NJ.com: Tainted heroin kills 6, N.J. issues warning about 3 deadly brands
State officials from New Jersey, Pennsylvania and New York have identified three highly lethal brands of drugs that have been responsible for at least six overdose deaths recently, the latest twist in the state's ongoing battle with heroin and opioid abuse.
State police said wax folds stamped "Power Hour," "Taliban," and "Strike Dead" being sold as heroin have been found to contain a highly potent and dangerous mix of drugs not typically seen in the Garden State. Some of the brands contain no heroin at all, authorities said.

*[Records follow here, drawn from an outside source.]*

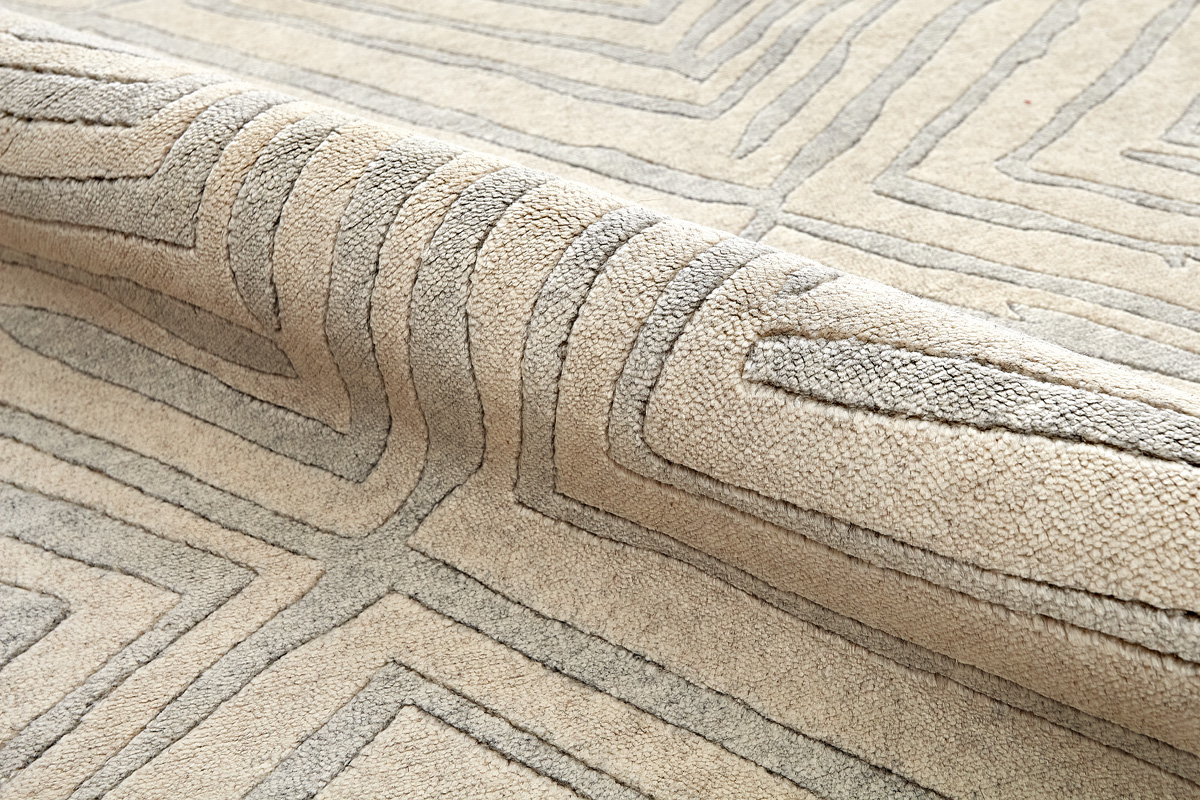Крупные рисунки в виде линий и фигур на фактурной поверхности ковра превращаются в выразительные композиции. Они акцентируют на себе внимание и добавляют динамики в современный интерьер. Комбинации разных фигур и повторяющийся орнамент задают ритмическую основу пространству, привносят в него оригинальные оптические иллюзии.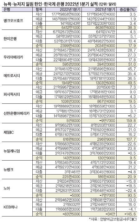 뉴욕과 뉴저지 일원에서 영업하는 한인·한국계 은행들이 지난해 사상최대 실적에 이어 올해 1분기에도 호실적을 냈다. 대부분 은행 순익이 전년동기 대비 두 자릿수 증가율을 기록한 가운데, 총 자산규모도 400억 달러에 육박하고 있다.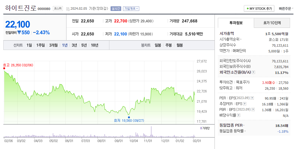 하이트진로 주가 분석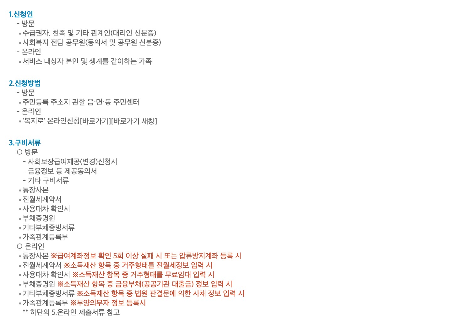 기초생활수급자 신청절차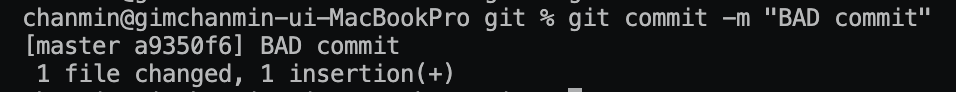 a9350f6 "BAD commit" 이라는 이름의 커밋을 취소하려면 먼저 git log 를 통해 커밋 로그를 확인합니다.
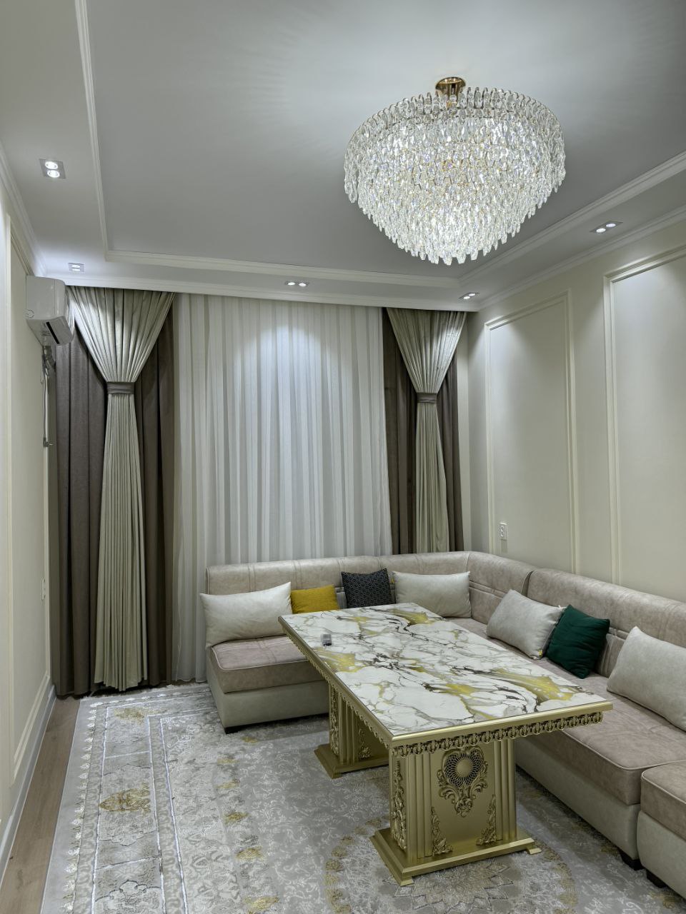 New built house with friendly neighbors and 24/7 support and security(with cameras and motion detection equipments). Centrally-located place. 1 km from train station and 3 km from airport. Have a lot of mini markets and 2 international bazars. House is fully equipped with new furnitures for example comfortable beds, bathroom, and kitchen. In kitchen have dishes came from Turkey. No problem with electricity. Comfortable and warm home. Have underfloor heating and air conditioner.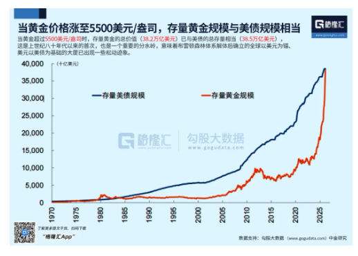 这波黄金行情启动于2024年3月,然后就开始了历史几乎没有见过的疯狂上涨。2024年涨幅26.66%,2025年涨幅63.68%,然后26年短短一个月涨28%,到2026年1月29日,黄金触达5598.88美金/盎司,此时的黄金总价值(38.2万亿美元),已不但是人类第一大资产,且已与疯狂人类数百年举债峰值的美债规模(38.5万亿美元)旗鼓相当!这是上世纪八十年代以来的首次!

Additionally, Narcan, a highly effective opioid antidote that has saved the lives of hundreds of overdose victims since April 2014, has been found to be ineffective in treating some of these drug brands. Authorities said users may be unaware they are purchasing a potentially lethal mix of drugs.
The warning comes days after an NJ Advance Media report about fentanyl, a powerful and potentially deadly opioid that has been found more frequently in doses of heroin in the Garden State. It was not immediately clear if fentanyl was found in the three brands of drugs identified by authorities.

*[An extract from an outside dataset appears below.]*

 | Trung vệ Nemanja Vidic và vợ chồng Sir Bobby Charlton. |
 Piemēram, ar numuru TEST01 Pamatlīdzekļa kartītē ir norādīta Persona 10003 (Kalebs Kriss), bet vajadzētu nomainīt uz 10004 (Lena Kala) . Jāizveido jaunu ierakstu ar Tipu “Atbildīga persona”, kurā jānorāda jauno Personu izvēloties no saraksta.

Heroin and opioid abuse has been called the New Jersey's number one health crisis by state officials and has been responsible for the death of more than 5,000 people since 2004, according to state statistics.
The drugs were identified through the Drug Monitoring Initiative, a collaboration between various agencies within New Jersey, New York and Pennsylvania, which can help quickly identify and disseminate information about dangerous drug mixtures found on New Jersey streets.

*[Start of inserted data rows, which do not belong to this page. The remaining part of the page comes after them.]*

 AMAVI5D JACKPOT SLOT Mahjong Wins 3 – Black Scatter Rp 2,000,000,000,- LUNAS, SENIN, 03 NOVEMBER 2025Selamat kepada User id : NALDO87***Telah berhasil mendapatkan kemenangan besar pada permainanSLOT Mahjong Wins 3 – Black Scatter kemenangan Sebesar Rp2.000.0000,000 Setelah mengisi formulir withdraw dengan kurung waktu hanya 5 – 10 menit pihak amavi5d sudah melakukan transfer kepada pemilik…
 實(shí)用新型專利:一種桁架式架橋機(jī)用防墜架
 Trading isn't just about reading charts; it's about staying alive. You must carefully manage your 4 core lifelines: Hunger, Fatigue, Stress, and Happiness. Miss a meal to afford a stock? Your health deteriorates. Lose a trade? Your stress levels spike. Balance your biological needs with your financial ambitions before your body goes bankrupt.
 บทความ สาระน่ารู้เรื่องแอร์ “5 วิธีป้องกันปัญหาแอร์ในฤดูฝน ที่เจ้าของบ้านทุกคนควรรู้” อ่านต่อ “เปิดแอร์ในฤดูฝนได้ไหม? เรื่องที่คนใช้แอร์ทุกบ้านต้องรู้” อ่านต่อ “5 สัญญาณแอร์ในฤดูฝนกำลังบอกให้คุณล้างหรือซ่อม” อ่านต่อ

“Nothing less than an all-out, multi-disciplinary approach will suffice to address the crisis of heroin abuse in New Jersey that is destroying lives and ripping apart our families and communities,” said Acting Attorney General Jay Hoffman. “The Drug Monitoring Initiative is a common sense, life-saving program that sounds the alarm when we identify lethal drug brands being peddled on our streets.”
Authorities said the warning was issued in hopes of reaching drug users who are potentially in possession of the drug brands and may not know of their contents or potency.
“Since early last year, we have taken a fresh approach to combating the heroin epidemic in the region based on information sharing from the local through the federal levels. When we learn of clusters of drug overdoses, we immediately alert our law enforcement partners with details of the threat,” said Col. Rick Fuentes, superintendent of the New Jersey State Police. “We are first and foremost interested in saving lives, and that is what this early notification protocol is all about.”